#### Task objective:
Below this line are records; write out exactly the lines from the one containing "После причащения священнослужителей" through the one containing "[00:14.79] | 深く吸い込む潮風(かぜ)と香り |", with the pictures left out.

#### Data for processing:
[Start of section]
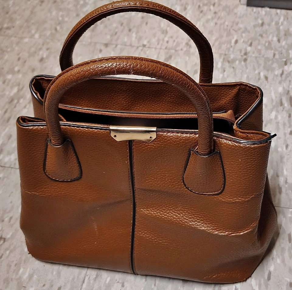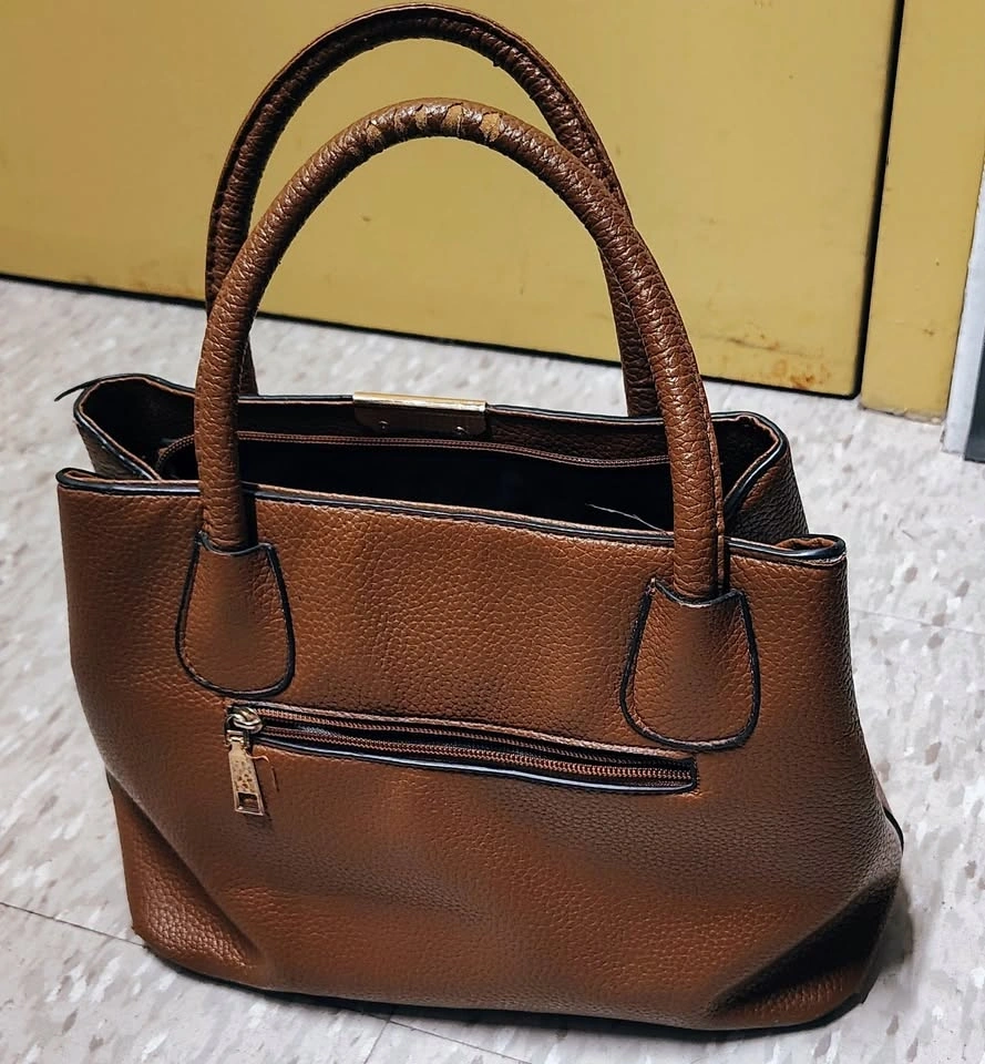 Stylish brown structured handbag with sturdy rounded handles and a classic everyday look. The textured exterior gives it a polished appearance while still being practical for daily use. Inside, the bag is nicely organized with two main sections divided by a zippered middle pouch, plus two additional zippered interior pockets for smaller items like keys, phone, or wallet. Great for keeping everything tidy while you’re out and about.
[End of section]
[Start of section]
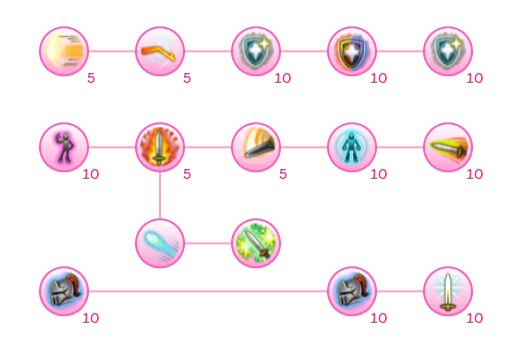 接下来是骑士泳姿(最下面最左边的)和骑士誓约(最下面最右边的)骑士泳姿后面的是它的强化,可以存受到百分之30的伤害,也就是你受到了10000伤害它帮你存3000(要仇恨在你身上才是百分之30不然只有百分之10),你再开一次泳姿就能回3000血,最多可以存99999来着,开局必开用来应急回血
[End of section]
[Start of section]
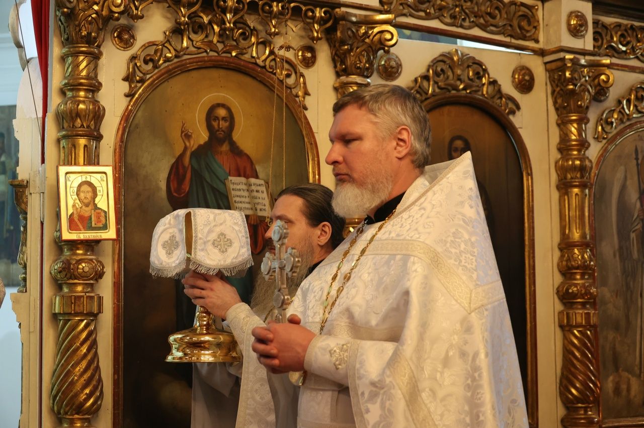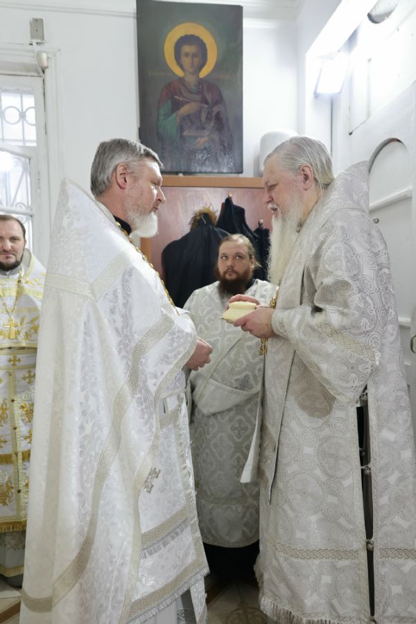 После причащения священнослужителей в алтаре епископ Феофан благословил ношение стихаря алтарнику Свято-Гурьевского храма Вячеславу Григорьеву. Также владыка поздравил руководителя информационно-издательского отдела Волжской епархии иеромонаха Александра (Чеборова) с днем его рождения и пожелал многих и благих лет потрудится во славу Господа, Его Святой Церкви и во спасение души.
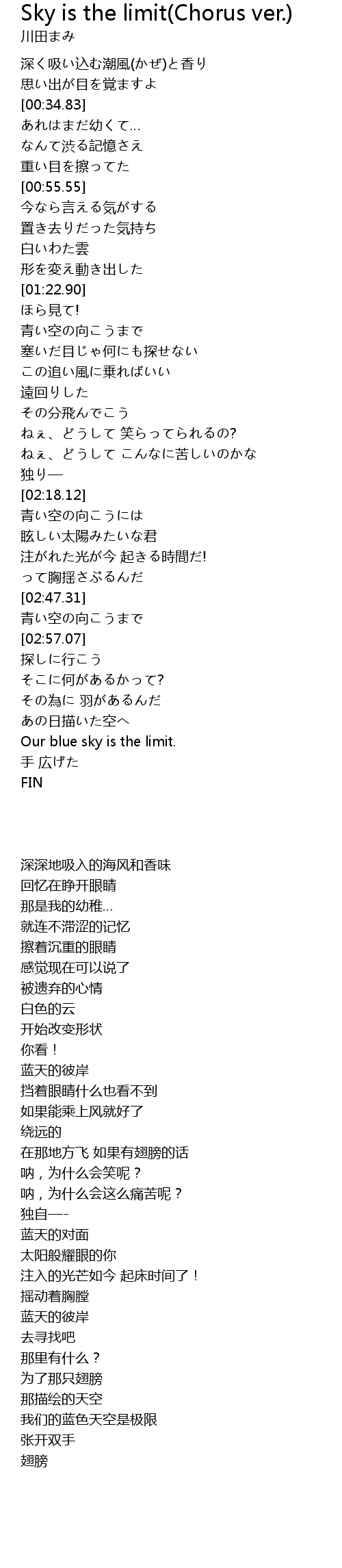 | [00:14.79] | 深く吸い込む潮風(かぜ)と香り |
[End of section]
#### Result of this task:
 После причащения священнослужителей в алтаре епископ Феофан благословил ношение стихаря алтарнику Свято-Гурьевского храма Вячеславу Григорьеву. Также владыка поздравил руководителя информационно-издательского отдела Волжской епархии иеромонаха Александра (Чеборова) с днем его рождения и пожелал многих и благих лет потрудится во славу Господа, Его Святой Церкви и во спасение души.
 | [00:14.79] | 深く吸い込む潮風(かぜ)と香り |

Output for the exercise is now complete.